Claircognizance is the gift of knowing. I could be speaking to a person and some information just drops in my spirit and I get exact context into what they’re talking about. With clairsentience, I can feel physical and emotional sensations related to messages I’m receiving from people. I feel these a lot when I’m doing astrology or tarot readings. 

One time, I did a reading for someone and when I started shuffling the cards, out of nowhere, I was slapped with this huge wave of horniness. And I’m like, wait, I wasn’t feeling any of this five seconds ago. If you’re feeling a certain emotion for the person or situation you’re inquiring about when I’m doing a reading, I feel that emotion too.  

I have just a little bit of clairvoyance and clairaudience as well, but those usually happen when I’m asleep or in between meditative states. Clairaudience is hearing ringing and bells, pressure in ears and stuff like that. I feel these sensations when I go to places that are spiritually charged. But my clairvoyance is mostly in dreams.

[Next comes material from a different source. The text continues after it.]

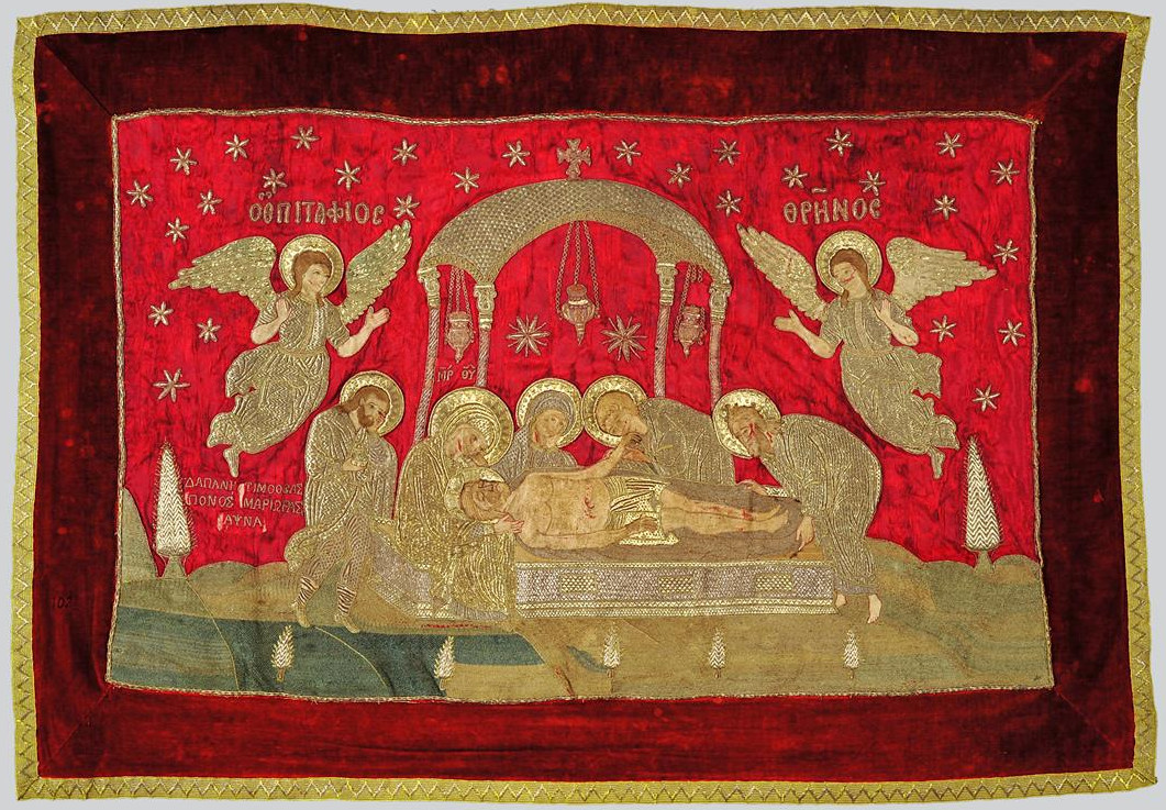 Στη φωτογραφία που συνοδεύει το κείμενο του Παλαιολόγου εικονίζεται χρυσοκέντητος επιτάφιος (λειτουργικό άμφιο), ο οποίος προέρχεται από την Κωνσταντινούπολη και χρονολογείται στο 1751 (πηγή: Βυζαντινό και Χριστιανικό Μουσείο/ebyzantinemuseum.gr).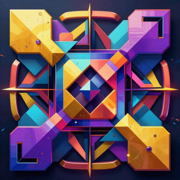 This is a digital, abstract, geometric artwork featuring a complex, colorful design. The image is dominated by large, intersecting, 3D shapes in bright yellow, blue, red, and purple. These shapes form a symmetrical pattern with sharp angles and edges, creating a sense of depth and dimension. The background is a dark gradient, enhancing the vibrant colors of the shapes. The design includes metallic textures with small, dotted details, giving it a slightly industrial feel. The overall composition is visually striking, with a modern, futuristic aesthetic. The image is centered and balanced, with the shapes overlapping to form a dynamic, visually engaging pattern.

Like when you dreamt about your brother

Yes, exactly. Even though dreams can be weird and funny, some dreams are very clear. They tell me what directions I should be taking or clear messages for people.

What about tarot cards? 

Tarot cards are a divination tool. I shuffle them while asking Spirit the questions the clients have and choose the cards that fall out of the deck. Then I interpret the meaning of the cards for the client. 

Since you started sharing your spiritual gifts, what has been your most affirming experience?

A lot of people come to me to find out about relationships and love. I have a client who lives in the UK. She came to me in August 2022 and wanted what I call a prayer divination — I pray and try to find answers about something that’s going on in the person’s life. 

She asked questions about her potential partner, how she would identify him and know he was the one. A few months later, she came back and said everything (Spirit) said came true.  I was like, “Wow”. I was very excited about the review. 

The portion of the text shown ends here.